ACFRPTRX examines the access controls in place during a given time frame. Historical data is specified as input through the LOGONIDS, RULES, and INFOSTG files. To use this facility, the appropriate CA ACF2 databases must be built from SMF backup files or from backup copies of the CA ACF2 databases. The ACFRECVR utility is used to build these databases see ACFRECVR - The Recovery Utility. Scope records are not taken into consideration when ACFRPTRX processes input data from the LOGONIDS, RULES, or INFOSTG files.
SYSPRINT
Used for message and report output. If you run ACFRPTRX in a time sharing environment and this file is not allocated, the report output is directed to a TSO terminal. We do not recommend executing ACFRPTRX online under TSO, due to the amount of CA ACF2 database checking required.
SYSIN
Specifies input parameter information for ACFRPTRX. ACFRPTRX accepts all parameter input from the SYSIN file, the JCL parameter field, or both. The parameters specified in the SYSIN file supersede those specified in the JCL parameter field.

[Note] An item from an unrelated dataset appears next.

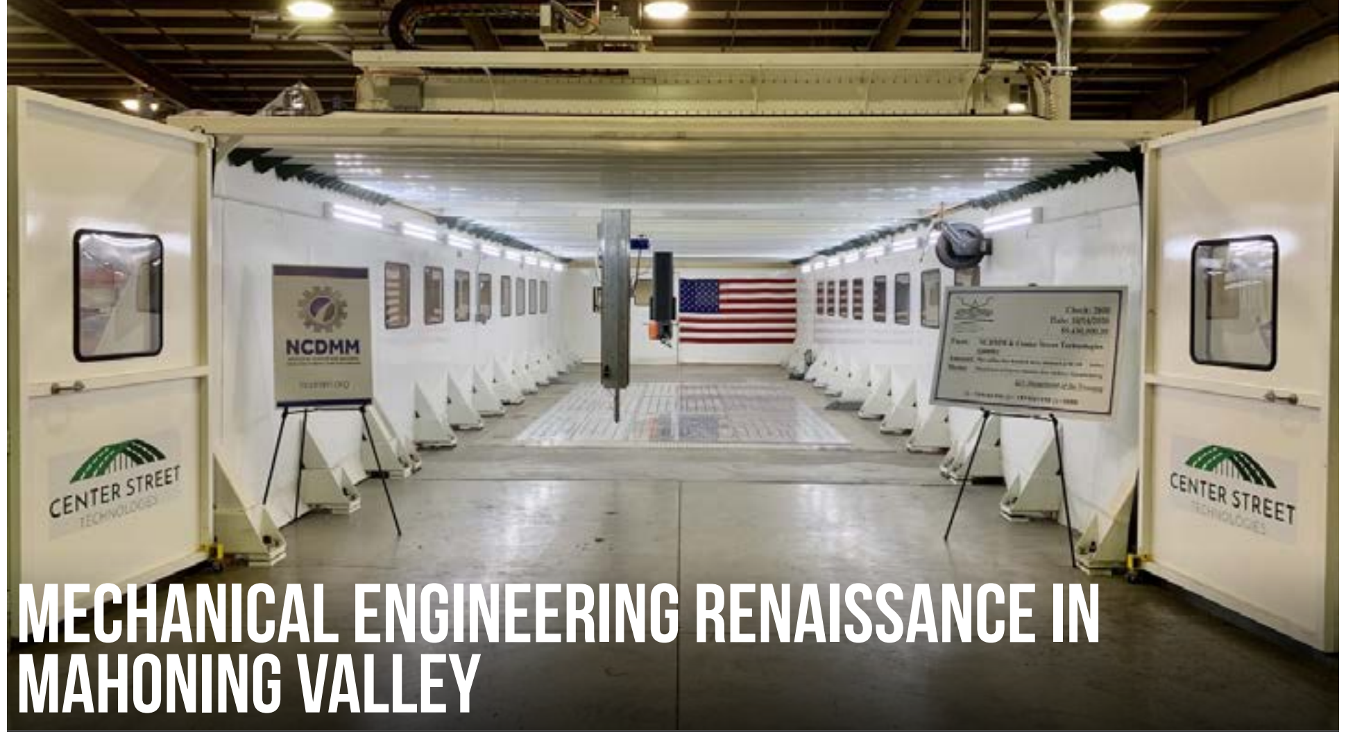
Center Street Technologies is an additive manufacturing company in the Youngstown area offering mechanical engineering opportunities to students.

If ACFRPTRX is run in a TSO environment and the SYSIN file is not allocated to the TSO terminal, ACFRPTRX prompts for input parameter information at the terminal by the string “RX?”
SYSIDLST
Specifies a list of LID masks or UID masks. Operation of ACFRPTRX for a single LID or UID is specified in the JCL parameter field. The format of the SYSIDLST input statement is:
LID(lidmask) UID(uidmask)
Where:
  • LID(********|
    logonidmask
    )
    Specifies a logonid mask. ACFRPTRX generates a Logonid Access Report for each logonid that matches the mask pattern.
  • UID(-|
    uidmask
    )
    Specifies a UID string mask. ACFRPTRX generates a Logonid Access Report for each UID that matches the mask pattern.
You must specify a logonid or UID using the LID or UID parameters or using the SYSIDLST file. Otherwise, no listing is produced.
If ACFRPTRX is run in a TSO environment and the SYSIDLST file is not allocated or is allocated to a TSO terminal, ACFRPTRX prompts for input at the terminal with the string “ID?” Do not run ACFRPTRX online for large volume processing.
LOGONIDS
Directs ACFRPTRX to use the current online CA ACF2 databases to make its determinations. Alternately, other prebuilt VSAM clusters are provided to ACFRPTRX for this purpose. The LOGONIDS file should point to an alternate Logonid database. This is valid only when NOACF2 is specified.
RULES
Directs ACFRPTRX to use the RULES file with the LOGONIDS file to have ACFRPTRX operate on historical data. The RULES file is valid only when the DSET and NOACF2 parameters are specified. The RULES file should point to an alternate Rule database.
INFOSTG
Directs ACFRPTRX to use the INFOSTG file with the LOGONIDS file and directs ACFRPTRX to operate on historical data. INFOSTG is valid only when the RSRC and NOACF2 parameters are specified. The INFOSTG file should point to an alternate Infostorage database.
Field Descriptions
Format and Fields
The ACFRPTRX report has three sections: header, user information, and the Logonid Access Report.
Header Information
The header contains a standard <acf> report title line, the execution date and time, the input parameters specified in the JCL parameter field, the number of logonid records selected for processing, and the number of rules selected for processing. The report title is repeated on each page of the report.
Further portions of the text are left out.